Он встретил меня в том же кабинете, где воздух обнимал меня, как теплый плащ-невидимка, в том же спокойном настроении, с тем же отечески-заботливым выражением холеного лица.
— Ты плохо выглядишь, девочка. Мне кажется, ты неправильно питаешься, мало спишь и не бываешь на свежем воздухе. И раз ты сама захотела ко мне приехать, наверное, у тебя очень большие проблемы. Я правильно понимаю?
— У меня не проблемы, — сказала я. — У меня адский клубок несчастий. У меня есть друг — частный детектив, который мог бы поймать игрушечного злодея в мультфильме. А я ему плачу. И есть представитель закона в погонах, который безрезультатно колотится о параграфы и стены, в промежутках пожимает руки извращенцам с генеральскими лампасами. И у меня нет выхода. Я должна найти того, кто хочет убить моего Кирилла. И наказать садиста, искалечившего близкого мне человека. Мне кажется, это одно и то же лицо. И оно на виду. Наверняка он же убил Илью Пастухова. Я все это знаю, чувствую, а доказать не могу. А время уходит.

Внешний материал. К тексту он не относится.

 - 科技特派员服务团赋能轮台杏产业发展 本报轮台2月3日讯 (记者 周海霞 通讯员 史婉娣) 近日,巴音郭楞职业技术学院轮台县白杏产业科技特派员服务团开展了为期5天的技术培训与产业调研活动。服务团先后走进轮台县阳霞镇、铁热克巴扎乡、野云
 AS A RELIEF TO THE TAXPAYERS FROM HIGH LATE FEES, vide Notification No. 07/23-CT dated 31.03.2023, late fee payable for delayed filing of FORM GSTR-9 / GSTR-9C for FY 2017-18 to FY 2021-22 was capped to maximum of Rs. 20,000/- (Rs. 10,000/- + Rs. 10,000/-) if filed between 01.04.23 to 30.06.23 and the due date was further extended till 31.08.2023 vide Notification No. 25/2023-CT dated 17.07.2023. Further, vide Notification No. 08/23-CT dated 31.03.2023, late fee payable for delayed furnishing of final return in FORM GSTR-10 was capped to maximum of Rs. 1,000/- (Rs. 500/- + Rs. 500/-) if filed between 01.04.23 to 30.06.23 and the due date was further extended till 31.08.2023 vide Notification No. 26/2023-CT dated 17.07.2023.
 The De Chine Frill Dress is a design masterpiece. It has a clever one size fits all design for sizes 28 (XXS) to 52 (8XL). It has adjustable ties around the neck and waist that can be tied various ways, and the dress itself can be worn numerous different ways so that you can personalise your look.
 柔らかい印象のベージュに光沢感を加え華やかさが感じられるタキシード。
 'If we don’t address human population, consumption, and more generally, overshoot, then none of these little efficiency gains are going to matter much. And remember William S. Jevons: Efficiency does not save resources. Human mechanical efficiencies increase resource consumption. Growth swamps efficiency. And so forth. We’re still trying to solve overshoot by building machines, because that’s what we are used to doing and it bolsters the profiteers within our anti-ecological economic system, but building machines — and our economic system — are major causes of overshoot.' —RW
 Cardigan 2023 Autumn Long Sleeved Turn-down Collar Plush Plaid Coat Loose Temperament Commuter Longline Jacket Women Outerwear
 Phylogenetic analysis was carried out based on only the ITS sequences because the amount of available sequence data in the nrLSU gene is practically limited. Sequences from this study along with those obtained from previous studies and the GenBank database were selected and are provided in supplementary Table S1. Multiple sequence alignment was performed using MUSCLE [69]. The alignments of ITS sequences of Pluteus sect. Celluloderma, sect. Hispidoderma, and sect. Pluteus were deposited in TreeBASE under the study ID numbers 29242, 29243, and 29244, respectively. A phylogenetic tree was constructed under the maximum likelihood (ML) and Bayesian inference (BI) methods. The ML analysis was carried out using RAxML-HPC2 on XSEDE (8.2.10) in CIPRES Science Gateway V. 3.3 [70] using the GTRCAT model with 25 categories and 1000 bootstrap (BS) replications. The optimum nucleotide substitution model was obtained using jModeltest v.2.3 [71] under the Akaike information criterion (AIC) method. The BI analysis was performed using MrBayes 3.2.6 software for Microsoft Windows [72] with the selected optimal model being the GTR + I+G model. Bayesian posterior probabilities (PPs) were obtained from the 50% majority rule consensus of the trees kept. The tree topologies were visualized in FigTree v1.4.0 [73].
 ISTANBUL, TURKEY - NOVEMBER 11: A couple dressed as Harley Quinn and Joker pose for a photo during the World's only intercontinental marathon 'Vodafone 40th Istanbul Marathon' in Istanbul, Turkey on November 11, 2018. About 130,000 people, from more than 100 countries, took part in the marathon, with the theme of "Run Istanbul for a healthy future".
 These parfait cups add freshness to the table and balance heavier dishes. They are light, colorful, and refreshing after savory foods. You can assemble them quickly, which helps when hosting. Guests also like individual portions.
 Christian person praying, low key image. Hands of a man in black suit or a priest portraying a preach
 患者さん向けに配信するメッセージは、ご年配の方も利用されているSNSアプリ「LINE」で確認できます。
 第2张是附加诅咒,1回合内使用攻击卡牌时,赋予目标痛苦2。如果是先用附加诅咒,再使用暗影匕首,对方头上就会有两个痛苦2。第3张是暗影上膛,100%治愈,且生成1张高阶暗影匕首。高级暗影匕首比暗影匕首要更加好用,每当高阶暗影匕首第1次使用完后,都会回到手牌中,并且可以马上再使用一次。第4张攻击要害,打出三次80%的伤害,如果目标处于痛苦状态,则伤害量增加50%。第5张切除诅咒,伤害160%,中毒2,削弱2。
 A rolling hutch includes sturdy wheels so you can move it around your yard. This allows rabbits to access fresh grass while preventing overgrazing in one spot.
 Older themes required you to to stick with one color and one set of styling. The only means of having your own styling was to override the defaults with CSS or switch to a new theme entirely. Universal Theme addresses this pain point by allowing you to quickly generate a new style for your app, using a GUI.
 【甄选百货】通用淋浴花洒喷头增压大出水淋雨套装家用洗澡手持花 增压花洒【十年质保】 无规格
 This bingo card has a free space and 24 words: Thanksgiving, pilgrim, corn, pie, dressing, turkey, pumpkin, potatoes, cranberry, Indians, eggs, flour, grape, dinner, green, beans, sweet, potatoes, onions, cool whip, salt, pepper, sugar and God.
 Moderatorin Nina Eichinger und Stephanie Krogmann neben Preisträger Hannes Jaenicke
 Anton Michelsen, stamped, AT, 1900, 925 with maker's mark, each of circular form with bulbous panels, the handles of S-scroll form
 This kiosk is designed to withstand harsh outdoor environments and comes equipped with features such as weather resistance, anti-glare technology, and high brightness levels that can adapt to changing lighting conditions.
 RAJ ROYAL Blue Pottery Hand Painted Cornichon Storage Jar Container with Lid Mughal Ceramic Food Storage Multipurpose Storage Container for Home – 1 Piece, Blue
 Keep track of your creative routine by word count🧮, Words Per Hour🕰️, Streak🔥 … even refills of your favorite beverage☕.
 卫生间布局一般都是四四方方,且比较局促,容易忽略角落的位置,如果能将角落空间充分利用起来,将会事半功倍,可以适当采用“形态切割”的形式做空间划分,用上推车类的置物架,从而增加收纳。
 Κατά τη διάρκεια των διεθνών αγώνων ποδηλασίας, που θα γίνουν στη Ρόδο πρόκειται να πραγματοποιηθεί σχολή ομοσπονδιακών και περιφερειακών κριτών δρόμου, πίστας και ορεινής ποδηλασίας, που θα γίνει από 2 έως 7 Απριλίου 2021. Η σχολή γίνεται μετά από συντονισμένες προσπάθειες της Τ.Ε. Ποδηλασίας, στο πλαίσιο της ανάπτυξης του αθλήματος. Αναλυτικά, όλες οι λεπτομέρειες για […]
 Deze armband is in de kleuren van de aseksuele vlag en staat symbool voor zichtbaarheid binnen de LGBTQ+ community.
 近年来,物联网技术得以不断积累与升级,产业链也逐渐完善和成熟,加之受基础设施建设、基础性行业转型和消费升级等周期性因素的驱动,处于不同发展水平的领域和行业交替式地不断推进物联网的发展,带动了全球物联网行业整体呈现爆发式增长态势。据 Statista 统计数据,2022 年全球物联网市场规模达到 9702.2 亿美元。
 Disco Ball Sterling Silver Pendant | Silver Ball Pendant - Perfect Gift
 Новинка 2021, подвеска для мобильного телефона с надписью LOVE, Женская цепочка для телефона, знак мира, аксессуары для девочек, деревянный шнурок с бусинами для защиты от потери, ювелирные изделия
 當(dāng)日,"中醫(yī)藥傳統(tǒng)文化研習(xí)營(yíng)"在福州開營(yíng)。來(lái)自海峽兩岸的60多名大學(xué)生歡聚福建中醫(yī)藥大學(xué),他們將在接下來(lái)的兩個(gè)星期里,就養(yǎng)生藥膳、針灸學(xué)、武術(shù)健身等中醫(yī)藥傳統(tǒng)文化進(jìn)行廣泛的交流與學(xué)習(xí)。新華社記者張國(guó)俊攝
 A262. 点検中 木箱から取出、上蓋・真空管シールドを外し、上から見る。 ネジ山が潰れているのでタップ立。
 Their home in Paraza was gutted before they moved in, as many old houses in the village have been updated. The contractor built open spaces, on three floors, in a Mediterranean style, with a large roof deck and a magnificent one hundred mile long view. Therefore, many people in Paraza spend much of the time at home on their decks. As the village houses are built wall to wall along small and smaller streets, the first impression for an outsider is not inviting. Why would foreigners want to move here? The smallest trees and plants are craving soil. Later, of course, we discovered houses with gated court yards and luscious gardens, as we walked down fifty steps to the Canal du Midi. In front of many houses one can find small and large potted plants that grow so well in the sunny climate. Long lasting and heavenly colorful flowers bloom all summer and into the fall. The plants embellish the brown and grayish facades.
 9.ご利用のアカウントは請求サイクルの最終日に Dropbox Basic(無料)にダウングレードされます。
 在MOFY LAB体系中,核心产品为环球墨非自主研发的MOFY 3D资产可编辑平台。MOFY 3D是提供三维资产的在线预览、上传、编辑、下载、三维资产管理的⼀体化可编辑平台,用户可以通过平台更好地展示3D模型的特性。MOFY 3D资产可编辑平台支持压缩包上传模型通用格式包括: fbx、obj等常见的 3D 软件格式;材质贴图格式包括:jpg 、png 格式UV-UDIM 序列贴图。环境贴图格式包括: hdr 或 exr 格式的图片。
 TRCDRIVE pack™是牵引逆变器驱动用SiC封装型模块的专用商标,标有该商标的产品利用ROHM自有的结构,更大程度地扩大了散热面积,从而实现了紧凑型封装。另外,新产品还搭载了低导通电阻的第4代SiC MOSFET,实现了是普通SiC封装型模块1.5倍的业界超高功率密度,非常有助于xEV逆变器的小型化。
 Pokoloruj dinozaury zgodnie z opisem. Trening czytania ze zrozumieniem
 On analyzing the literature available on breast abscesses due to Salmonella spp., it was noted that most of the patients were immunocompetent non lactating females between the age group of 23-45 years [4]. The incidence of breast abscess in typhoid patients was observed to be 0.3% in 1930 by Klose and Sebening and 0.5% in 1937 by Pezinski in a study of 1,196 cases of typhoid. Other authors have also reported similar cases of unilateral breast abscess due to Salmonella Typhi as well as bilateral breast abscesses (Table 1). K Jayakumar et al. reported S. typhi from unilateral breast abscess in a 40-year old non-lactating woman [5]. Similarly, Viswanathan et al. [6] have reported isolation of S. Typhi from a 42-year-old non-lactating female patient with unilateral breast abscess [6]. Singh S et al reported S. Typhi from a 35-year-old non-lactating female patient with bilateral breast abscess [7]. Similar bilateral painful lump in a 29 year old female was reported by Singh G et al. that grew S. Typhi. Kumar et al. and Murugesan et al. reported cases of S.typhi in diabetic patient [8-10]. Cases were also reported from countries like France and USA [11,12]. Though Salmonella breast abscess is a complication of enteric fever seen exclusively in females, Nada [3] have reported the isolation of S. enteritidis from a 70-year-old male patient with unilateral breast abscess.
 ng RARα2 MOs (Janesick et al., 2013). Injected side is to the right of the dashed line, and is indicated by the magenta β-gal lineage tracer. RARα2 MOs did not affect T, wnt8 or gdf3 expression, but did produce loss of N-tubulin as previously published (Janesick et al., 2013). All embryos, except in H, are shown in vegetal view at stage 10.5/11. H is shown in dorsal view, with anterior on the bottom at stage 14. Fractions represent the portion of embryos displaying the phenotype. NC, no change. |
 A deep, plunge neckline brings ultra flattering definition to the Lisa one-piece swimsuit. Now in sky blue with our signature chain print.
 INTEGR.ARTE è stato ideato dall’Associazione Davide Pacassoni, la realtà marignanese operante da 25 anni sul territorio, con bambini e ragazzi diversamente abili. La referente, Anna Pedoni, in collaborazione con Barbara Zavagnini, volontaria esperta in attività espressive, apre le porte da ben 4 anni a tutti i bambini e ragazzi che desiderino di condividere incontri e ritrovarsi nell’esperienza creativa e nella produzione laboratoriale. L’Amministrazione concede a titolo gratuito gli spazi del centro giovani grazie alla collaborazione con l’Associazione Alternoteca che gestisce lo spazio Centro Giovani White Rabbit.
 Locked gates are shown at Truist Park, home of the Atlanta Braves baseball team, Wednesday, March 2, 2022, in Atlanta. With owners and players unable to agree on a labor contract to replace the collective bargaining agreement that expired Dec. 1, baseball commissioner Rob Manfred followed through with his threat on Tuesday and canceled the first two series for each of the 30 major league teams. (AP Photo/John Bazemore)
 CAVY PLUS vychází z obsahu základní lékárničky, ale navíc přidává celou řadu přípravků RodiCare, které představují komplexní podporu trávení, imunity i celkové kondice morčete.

Я пришла к вам, Карлос, потому что вы точно не убивали маму. И потому что вы точно можете убить кого угодно.
— Какая искренняя и пламенная речь, — улыбнулся Карлос. — Ты так прелестна в гневе и отчаянии. Сразу захотелось предложить тебе самое простое из того, чего ты хочешь. Назови этого человека, я завтра пришлю тебе снимок его трупа. Ты этого хочешь?
— Не совсем, — ответила я, почему-то наконец отлегло от сердца. — Нет, мне не нужен снимок трупа. Мне даже не нужен собственно труп. Я должна быть уверена, что я права. Знать: вот такой человек — имя, фамилия, адрес, работа. Он сделал следующее: убил, изнасиловал, искалечил, охотится за Кириллом. Возможно, у него есть исполнители.
— А дальше? — с любопытством спросил Карлос. — Вот ты все это узнаешь. А дальше что? Передашь его в руки правосудия?
— В одном случае. Когда он сам будет об этом просить и во всем признается.
— Моя задача, кажется, усложняется. С трупом было бы легче.
— Карлос! Так ты издеваешься?
— Чудесно. Мы наконец перешли на «ты». На самом деле я не ерничал и не издевался. Я назвал самые невыполнимые пункты твоего плана. И один выполнимый. Но нет ничего окончательного. Будем работать. А пока давай снимем напряженность момента, твой стресс, который нам помешает все нормально обсудить. Пойдем в другую комнату. Выпьем вина, ты поешь чего-то горячего, фруктов. Послушаем хорошую музыку. Это невозможно видеть: нежная, трепетная женщина загнала себя в угол и рвется расправляться с преступностью.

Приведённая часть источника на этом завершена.